A black dog wandered into the cemetary. John instinctively backed up, but Monica approached it.

"The dawg's friendly. He just gets a little excited sometimes," called a voice. A little old man was shuffling down the path through the cyprus trees. "You must be the FBI. I'm John Byrnes. Lived here all my life."

"Mr. Byrnes, do you remember the night that Eastern Airlines plane crashed?" Monica asked, scratching the dog's ears. It whined and collapsed on her feet.

"Sure do. It was clear as a bell out here. You could even see the plane's outline as it went overhead. We saw those Connies come over all the time, but this one sounded different, like a hundred Volkswagon bugs starting at once. My gramma called me outside because even she knew it just didn't sound right. We heard about what happened the next day. I went out and rowed all over the place, all through the inlets and sandbars hoping to find something. Nothing ever did turn up."
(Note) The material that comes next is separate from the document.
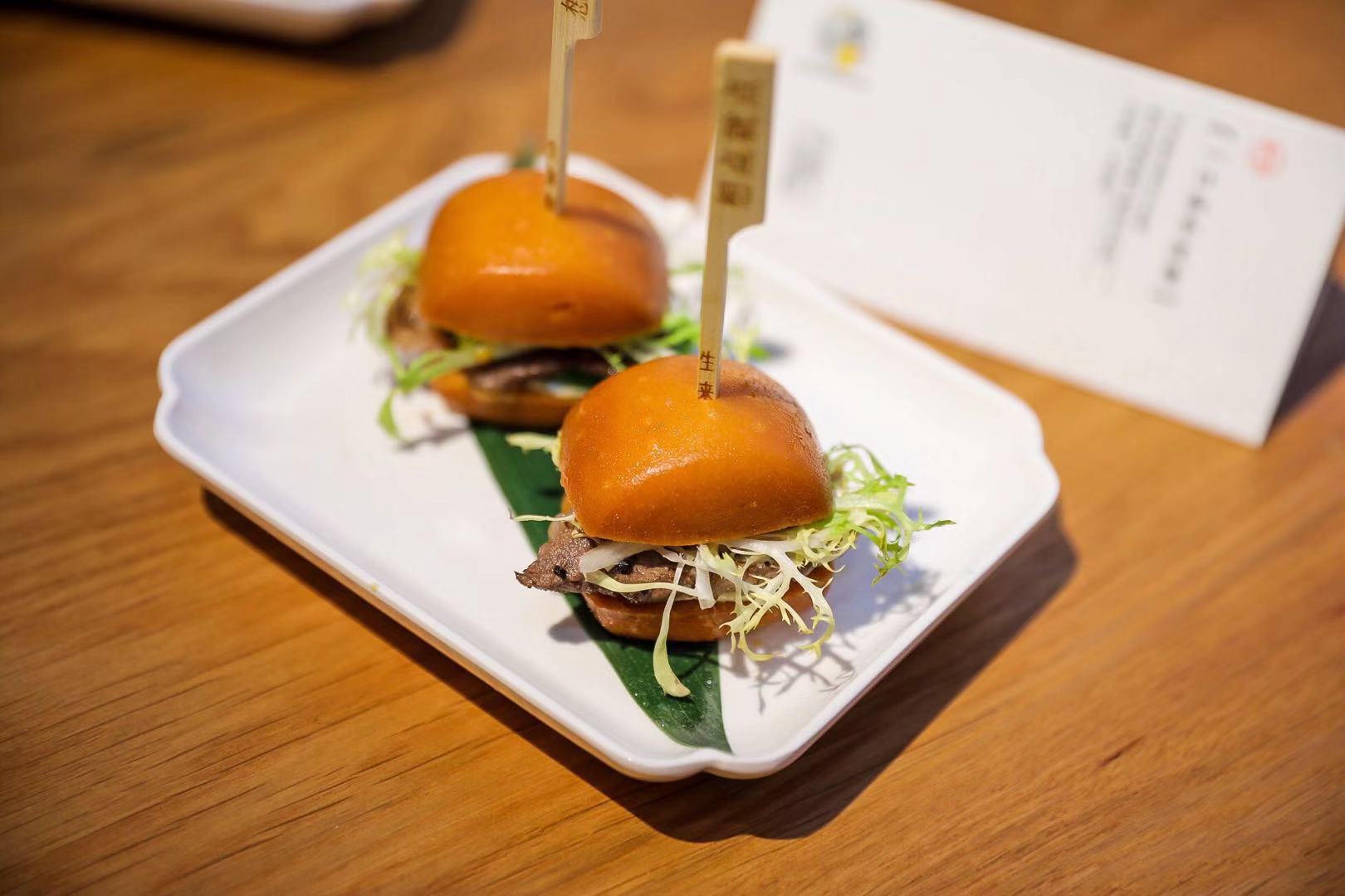 蔡澜则推出了款一口和牛汉堡,将小馒头炸得金黄脆香,夹入和牛肉和青瓜蔬果,摆在细长的芭蕉叶上——比起吃,你的第一反应可能是拍照。

"Did you know Mrs. Kiser?" asked John. The high whine of a Cessna passed overhead and they all looked up, searching the sky. It skimmed among the clouds, steel skin glinting in the mellow spring sun.

"Well, this is a small place," said Byrnes. "I knew her my whole life. She was the sweetest thing on earth. I hate the fact she died out here. I think of her death as a sign from God, I really do."

"How do you mean?"

"That suitcase came from that airplane. Someone's trying to tell us something. Like that," he said, pointing to the tombstone that took Midge Kiser's life.

Angels Spread Their Silvery Wings and Cast Me Asunder

7:05 PM

Cottage Grove Inn

The porch was nearly silent, save for the sound of two tops popping. The Inn overlooked the ocean. John never forgot what the sky looked like that night. The stars twinkled beyond the purple dusk, streaked with bands of pink. This felt like a vacation and it very well could be but John was scanning the sky for a lost Constellation, buzzing the coast for its last time.

"You're looking for it, aren't you," Monica said in sleepy, dreamy voice. She was starting to relax as the beer kicked in.

"I don't think I'll find it. You're probably right...the lady brought out that bag."

"After all we've seen, though, I can't quite explain it away. So it's a sign. I think it's almost comforting that part of us goes on even though, in a physical sense, we're gone," Monica said, taking a long sip. "When I was in the hospital, part of me knew you were there, John. I don't remember much, but I did feel a strong force telling me to fight. It was your voice, your soul even, that pulled me back fromthe edge of wherever."

John felt his cheeks turn red. She knew. That time had been terrible for him. Scully had been sympathetic but it was obvious she was a veteran of these touch-and-go situations. For John, there had been Luke, and those wounds were still so raw. He just couldn't lose anyone else so soon.

"I'm a big believer in absolution, Monica. You know that," he said, not really going in any type of direction. "And if there's something freaky attached to that old puddle jumper, then I want those people on board to have their chance to rest. Fifty years is a long time to wait."

She got up, bumping around. "I'm going to turn in," Monica said. When she passed John, she grabbed his hand and squeezed. When she dropped her grip and kept on walking, John's eyes followed her dim figure down the porch to her room. The door shut and the light inside went out.

John cracked open another beer, still watching the skies but still thinking of Monica laying in that hospital bed.